◆ **TASK STATEMENT**
Repeat the lines below exactly as they appear, but leave out the images.

[Collected data entries]
----

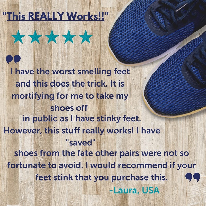 - Enhanced with Peppermint Oil – Once applied to the interior of your shoes our cooling shoe powder deodorizer works all day long to ensure fresh smelling and fresh feeling feet. 100% effective on smelly feet and footwear!
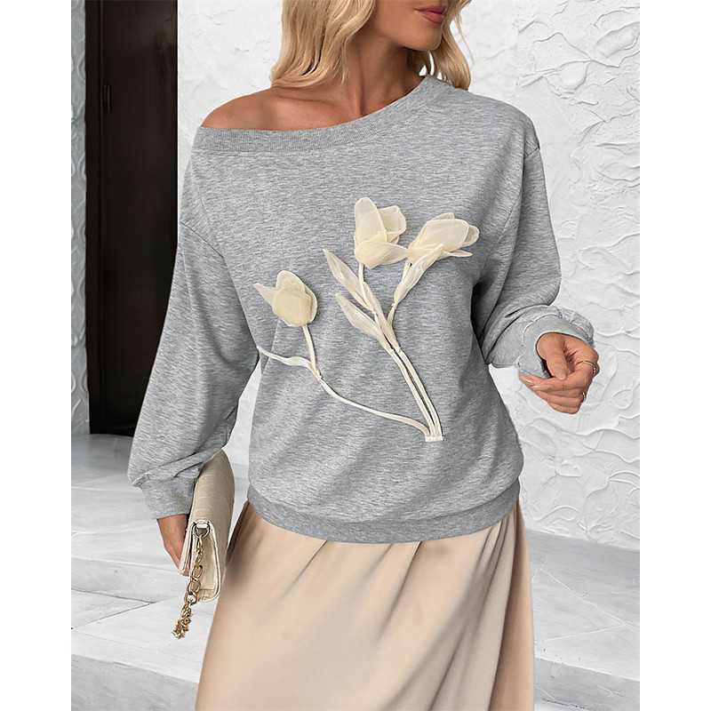 Women's Blouse Dressy Tops Floral Graphic Plain Elegant Vintage Tropical Long Sleeve Crew Neck Regular Tops Work Daily Holiday Patchwork Print Gray Fall Winter
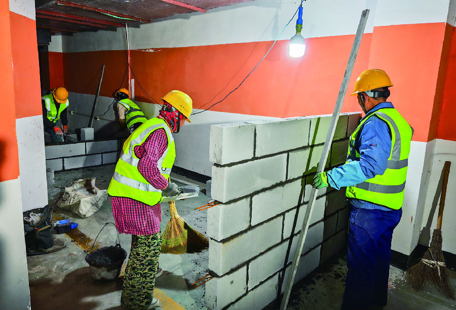 為筑牢住宅小區(qū)安全“防火墻”,今年年初,市住建局、市集建公司啟動(dòng)了城區(qū)居民住宅小區(qū)地下非機(jī)動(dòng)車(chē)停車(chē)庫(kù)改造項(xiàng)目,對(duì)寶格麗,金科集美雅苑,皇家水岸2期、4期,佳源威尼斯·西岱宮、凱旋宮、波旁宮,恒大悅府,金鳳商城等13個(gè)小區(qū)、40個(gè)地下非機(jī)動(dòng)車(chē)停車(chē)庫(kù)進(jìn)行改造。在砌筑防火隔墻的同時(shí),還將施劃地面停車(chē)標(biāo)線,規(guī)范車(chē)輛停放秩序。圖為錦繡華府小區(qū)地下非機(jī)動(dòng)車(chē)停車(chē)庫(kù),施工人員正在砌筑防火隔墻。 |
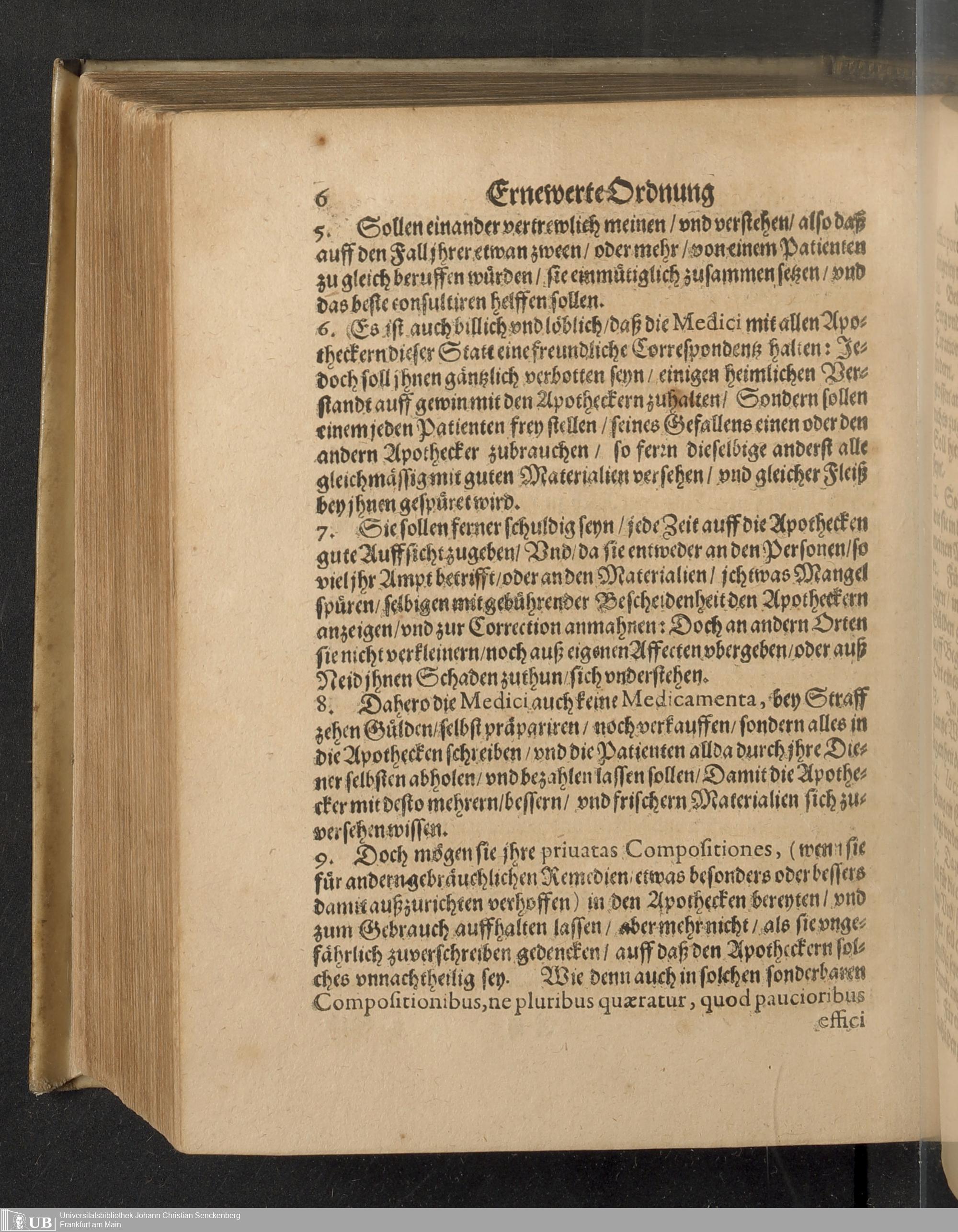 Reformation Oder Ernewerte Ordnung der Statt Franckfurt am Mayn, die Pflege der Gesundtheit betreffendt : Welche den Medicis, Apotheckern vnd andern angehörigen daselbsten, Auch sonsten jedermänniglichen zur Nachrichtung gegeben worden ; Beneben dem Tax vnd Werth der Artzneyen, welche in den Apothecken allda zufinden
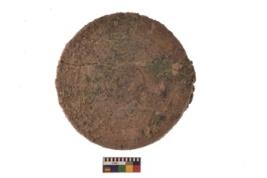 | Description / विवरण | Specimen of ground disc hopscotch made from a red ware. |
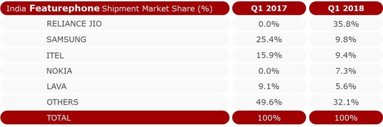 不过功能机最近开始重新席卷印度手机市场,让众多厂商措手不及。在智能手机增长平缓的情况下,2018 年印度手机市场第一季度机同比增长 48 %,主要的增长都是一款半智能机 jio Phone 带来的。
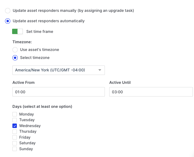 Section titled “Manual Responder update”If the setting selected is, ‘Update asset Responders manually (by assigning an upgrade task)’ the update task can be generated from the individual Asset page:

----

◆ **TASK SOLUTION**
 - Enhanced with Peppermint Oil – Once applied to the interior of your shoes our cooling shoe powder deodorizer works all day long to ensure fresh smelling and fresh feeling feet. 100% effective on smelly feet and footwear!
 Women's Blouse Dressy Tops Floral Graphic Plain Elegant Vintage Tropical Long Sleeve Crew Neck Regular Tops Work Daily Holiday Patchwork Print Gray Fall Winter
 為筑牢住宅小區(qū)安全“防火墻”,今年年初,市住建局、市集建公司啟動(dòng)了城區(qū)居民住宅小區(qū)地下非機(jī)動(dòng)車(chē)停車(chē)庫(kù)改造項(xiàng)目,對(duì)寶格麗,金科集美雅苑,皇家水岸2期、4期,佳源威尼斯·西岱宮、凱旋宮、波旁宮,恒大悅府,金鳳商城等13個(gè)小區(qū)、40個(gè)地下非機(jī)動(dòng)車(chē)停車(chē)庫(kù)進(jìn)行改造。在砌筑防火隔墻的同時(shí),還將施劃地面停車(chē)標(biāo)線,規(guī)范車(chē)輛停放秩序。圖為錦繡華府小區(qū)地下非機(jī)動(dòng)車(chē)停車(chē)庫(kù),施工人員正在砌筑防火隔墻。 |
 Reformation Oder Ernewerte Ordnung der Statt Franckfurt am Mayn, die Pflege der Gesundtheit betreffendt : Welche den Medicis, Apotheckern vnd andern angehörigen daselbsten, Auch sonsten jedermänniglichen zur Nachrichtung gegeben worden ; Beneben dem Tax vnd Werth der Artzneyen, welche in den Apothecken allda zufinden
 | Description / विवरण | Specimen of ground disc hopscotch made from a red ware. |
 不过功能机最近开始重新席卷印度手机市场,让众多厂商措手不及。在智能手机增长平缓的情况下,2018 年印度手机市场第一季度机同比增长 48 %,主要的增长都是一款半智能机 jio Phone 带来的。
 Section titled “Manual Responder update”If the setting selected is, ‘Update asset Responders manually (by assigning an upgrade task)’ the update task can be generated from the individual Asset page:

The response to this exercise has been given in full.